Weegee to legenda czasów prohibicji. Jeśli gdzieś w zaułkach Nowego Jorku lat 30. padły strzały, było więcej niż pewne, że ten bezczelny fotograf będzie na miejscu zbrodni przed stróżami prawa
Weegee
|
|
Format: 27,6x21,3 cm, Oprawa: twarda, Stron: 265, Cena: 179 zł |
|
Asher Felling, bo tak brzmi jego prawdziwe nazwisko, dorastał w podejrzanych dzielnicach, zaczytując się w kryminalnych opowiadaniach. Gdy po kilku latach pracy w studio fotograficznym trafił w końcu do agencji Acme Newspictures, wiedział już dokładnie, co interesuje go najbardziej. Szybko rozpoczął pracę na własny rachunek. W 1938 r. porzucił rodzinne nazwisko i od tej pory w środowisku znany był już jako Weegee. Szukając tematów, podsłuchiwał gliniarzy na ich częstotliwości i jeszcze zanim rozległ się dźwięk syren, kończył już wywoływać zdjęcia w zaadaptowanym na prowizoryczną ciemnię bagażniku swojego samochodu.
Najnowszy album "Murder is my buisness" to zbiór najbardziej znanych fotografii Fellinga, ale tym razem możemy je zobaczyć w oryginalnym kontekście, czyli tak, jak wyglądały na łamach New York Post, czy Life. Faktyczny wstęp do książki stanowi poświęcony karierze Weegee artykuł z magazynu Popular Photography (grudzień 1937). Kolejnych 11 rozdziałów to - złożona z cyklu prasowych wycinków i esejów - historia przemiany Fellinga: z freelancera, pracującego dla miejskich brukowców, w prawdziwego fotodetektywa, obsesyjnie śledzącego przestępcze życie Nowego Jorku.
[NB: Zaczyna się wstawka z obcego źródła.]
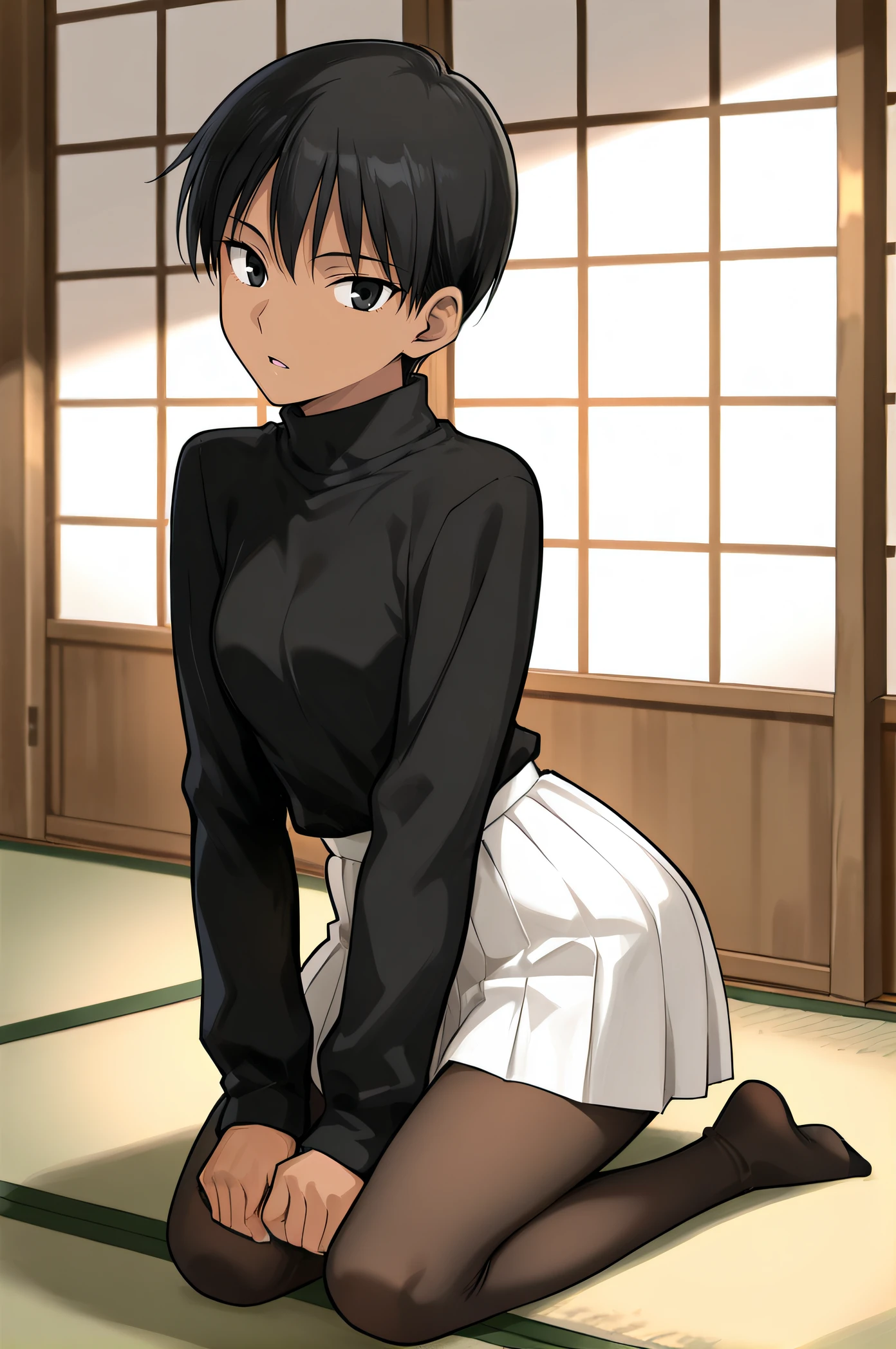 black sweater, turtleneck, white pleated skirt, brown pantyhose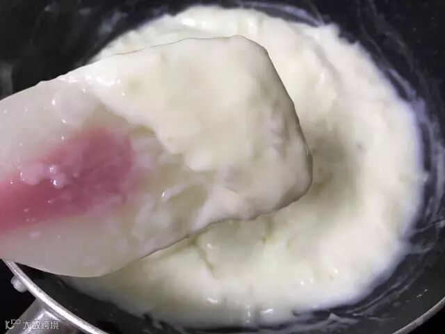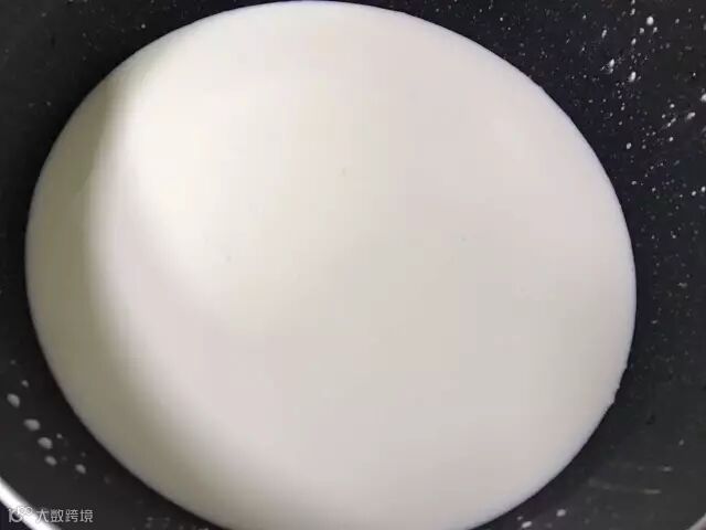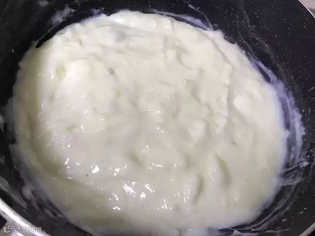 1、百吉羊羊奶、玉米淀粉、糖混合倒入不粘锅,小火慢慢加热。

Przeglądając kolejne strony - niepokojące i często brutalne kadry w stylu noir - niemal czujemy zapach magnezji zbyt mocnego flesza. Zdjęcia zdradzają pasję fotografa i świetną znajomość kultury przestępczego półświatka. Murder is my buisness to książka wyjątkowa - to nie tylko biografia fotografa, ale również dokumentalny zapis tamtych lat.